A complementary module-based analysis of the transcriptional changes between preinfection and at the p.i. time of clinical diagnosis (Fig. 2C) was performed for animals as clinical groups. The pattern of module activity overlapped between active disease and latent infection. Nevertheless, when evaluated as clinical groups, differences in module activity were observed in macaques with different clinical outcomes. Overexpression of IFN response, inflammation, myeloid lineage, and coagulation/platelets modules and underexpression of T cells, lymphoid lineage, cytotoxic T cells/NK cells, and cell cycle modules were seen in macaques with active disease compared with those with LTBI.

To accurately assess the relationship between macaque signatures at the time of clinical diagnosis and those reported previously in humans with active disease and latent infection, we compared the modular signatures in this study with those derived from Berry et al. (3). Their assessment of human TB signatures used much of the same sample collection, processing, and analytic infrastructure as did this study, facilitating this cross-species signature comparison.

Using module-based analysis (Supplemental Fig. 4A, 4B, 4D, 4E), we observed high concordance between active TB signatures in humans and macaques (r = +0.72, p < 0.001, Supplemental Fig. 4A, 4B). We further compared and validated the gene-level signature of human pulmonary TB (3) (393-gene set) with the 2048 transcripts differentially expressed in macaques with active disease compared with preinfection baseline (Supplemental Fig. 4D, 4E). This comparative analysis identified 102 of the 393 differentially expressed genes observed in human active TB that are also differentially expressed in the macaque when preinfection signatures are compared with those at the time of clinical diagnosis (closest approximation of sample comparison in human healthy controls versus active TB diagnosis) (Supplemental Fig. 4D). Together, these comparative analyses suggest that the macaque signature of active TB infection presented in this article is homologous to previously validated human signatures of active pulmonary TB. The signatures for LTBI in humans and macaques also exhibited some similarities; however, the lower intensity of transcriptional perturbations from preinfected and healthy baselines, coupled with heterogeneity within the groups, yielded lower agreement than that observed when comparing active signatures (Supplemental Fig. 4C).

To determine whether there were transcriptional differences observed at early p.i. time points (i.e., prior to clinical diagnosis) that could distinguish outcome, we evaluated module activity of animals that would develop active TB disease or LTBI over each of the time points p.i. (Fig. 2D). Interestingly, we observed a significant decrease in the activity of modules associated with lymphoid lineage and increased activity of IFN responses at 3 and 7 d p.i., respectively (Supplemental Table IV), in animals that would develop latent infection compared with active disease. However, by 30 d p.i., the IFN response becomes significantly higher in animals that would develop active disease and remained higher at later time points. Similarly, modules, such as lymphoid lineage, T cell, and B cell, were significantly higher by 56 d p.i. in animals that develop latent infection (Supplemental Table IV). This suggests that the timing of the innate or adaptive response influences the outcome of M. tuberculosis infection. Overall, although these differences in module activity were statistically significant, the magnitude of activity often fell below the 15% minimum cutoff for visualization in Fig. 2D, suggesting that the heterogeneity among LTBI and active TB among animals dampens the differential signature. Only modest transcript signatures discriminate infection outcome early in the course of M. tuberculosis infection, despite the fact that early differences in disease outcome can be measured by other parameters (e.g., PET-CT) (16).

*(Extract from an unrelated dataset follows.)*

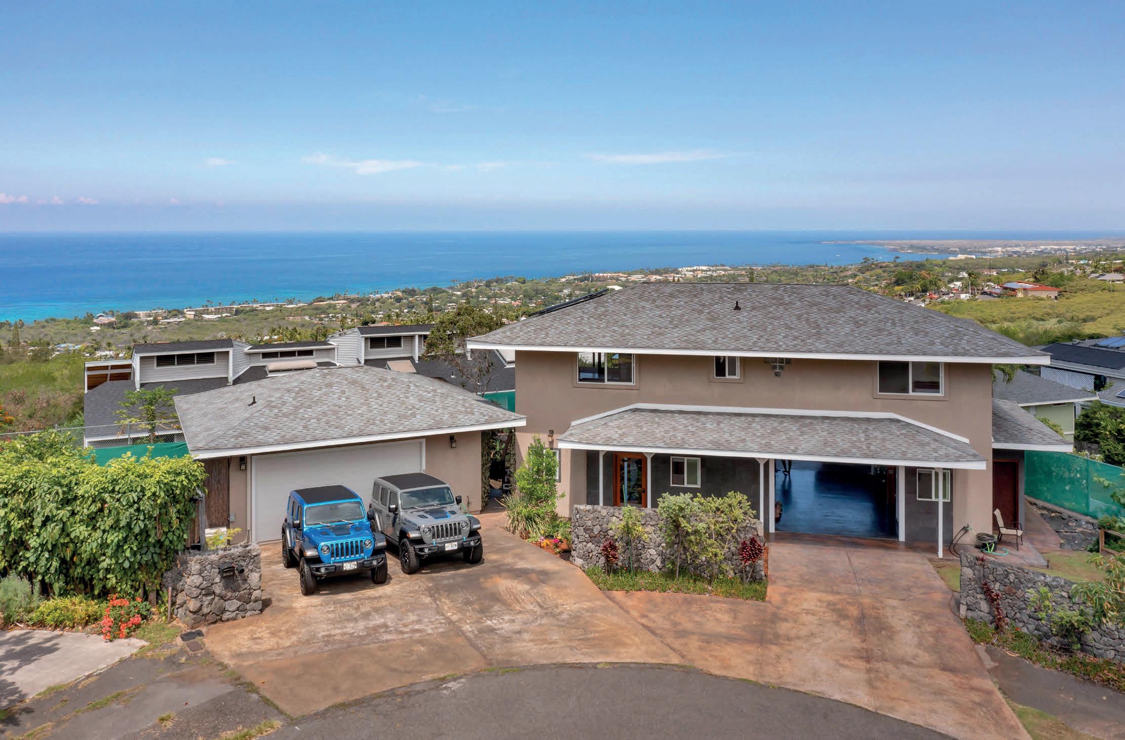 Enjoy exceptional ocean and sunset views overlooking the Kona coastline from this luxury custombuilt Kailua-Kona, Hawaii home. Living areas on two levels offer options for investors, extended families or hosting guests.

Excessive inflammation is associated with poor clinical outcomes in TB (reviewed in Ref. 31). We stratified NHPs in this study using a quantitative measure of lung inflammation determined by PET-CT (using FDG probe). FDG is taken up and retained by metabolically active host cells, including inflammatory cells, in the lungs. We (16, 18) and other investigators (32) showed that total FDG avidity in the lungs correlates with M. tuberculosis disease severity and bacterial burden and is reduced upon successful drug treatment. We theorized that total lung FDG avidity (measured as SUV) could more accurately reflect the severity of infection, revealing the spectrum of infection. Rather than relying on the binary clinical definitions (active disease or LTBI), this measurement could provide us with a continuous variable with which we could correlate gene expression and module activity. To determine the association and difference in gene expression in animals with high and low lung FDG avidity, we initially classified macaques into two groups: high or low lung FDG avidity (described below). However, to determine the degree of gene-expression change that correlates with the extent of lung disease, we also used lung FDG avidity as a continuous variable in all animals and also within those with high or low FDG avidity.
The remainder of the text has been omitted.